I need help with this excercise.
prove that $2^{4n}+3n-1$ is divisible by 9 for all positive intergral values of n greater than 1.
I know that $n=k$: $2^{4k}+3k-1=9m$
then,
For $n=k+1$
$$2^{4(k+1)}+3(k+1)-1=2^{4}2^{4k}+3k+3-1$$ I don't know how to continue, maybe $$=(2^{4k}+3k-1)+(15 . 2^{4k}+3 )$$
Proving $2^{4n} + 3n \equiv 1 \pmod{9}$ is equivalent to your problem.
\begin{equation} 2^{4n} + 3n \equiv (-2)^n +3n \equiv 1 \pmod{9} \end{equation}
For $n \equiv 0 \pmod{3}, (-2)^n \equiv 1\pmod{9}$ and $3n \equiv 0\pmod{9}\Rightarrow (-2)^n +3n \equiv 1 \pmod{9}$
For $n \equiv 1 \pmod{3}, (-2)^n \equiv -2\pmod{9}$ and $3n \equiv 3\pmod{9}\Rightarrow (-2)^n +3n \equiv 1 \pmod{9}$
For $n \equiv 2 \pmod{3}, (-2)^n \equiv 4\pmod{9}$ and $3n \equiv -3\pmod{9}\Rightarrow (-2)^n +3n \equiv 1 \pmod{9}$
For all $n$, $(-2)^n +3n - 1 \equiv 0 \pmod{9} \Rightarrow 9 \mid 2^{4n} +3n - 1$
Everything $\pmod 9$
$$\begin{array} {c|c|c} n & 2^{4n}=7^n & 3n \\ \hline 1 & 7 & 3 \\ 2 & 4 & 6 \\ 3 & 1 & 0 \\ 4 & 7 & 3 \\ \end{array}$$
$$7 + 3 = 1$$ $$4 + 6 = 1$$ $$1 + 0 = 1$$
Other answers may be simpler, but I'll assume that you know no formal modular arithmetic and stick to proof by induction only.

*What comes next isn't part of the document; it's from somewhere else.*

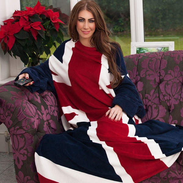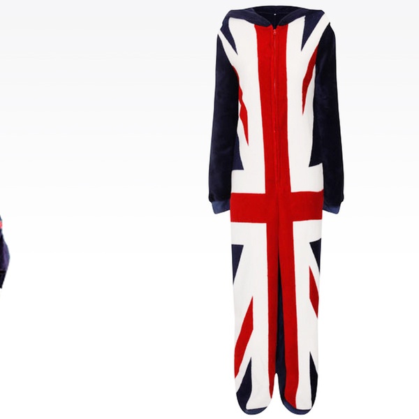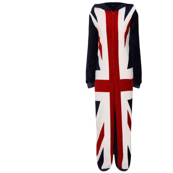 Keep warm and snug with this unisex onesie or TV blanket that fashions the Union Jack flag and features comfortable polyester fleece

We know that $2^{4n}+3n-1$ is a multiple of $9$ and
$$\begin{align}2^{4(n+1)}+3(n+1)-1-(2^{4n}+3n-1)&=16\times 2^{4n}+3n+3-1-(2^{4n}+3n-1)\\&=15\times 2^{4n}+3\\ 2^{4n+1}+3(n+1)+1&=(2^{4n}+3n-1)+(15\times 2^{4n}+3)\end{align}$$
so it follows that $2^{4(n+1)}+3(n+1)-1$ is a multiple of $9$ iff $15\times 2^{4n}+3$ is (for all $n$).
We can prove this new claim by induction: the inductive case is $$\begin{align}15\times 2^{4(n+1)}+3&=16\times 15\times 2^{4n}+3\\&=16(15\times 2^{4n}+3)-45\end{align}$$ and we know that both $15\times 2^{4n}+3$ and $45$ are multiples of $9$ (the former using the inductive hypothesis).
Now just the base case of $15\times 2^{4n}+3$ remains (what value of $n$ would that be?).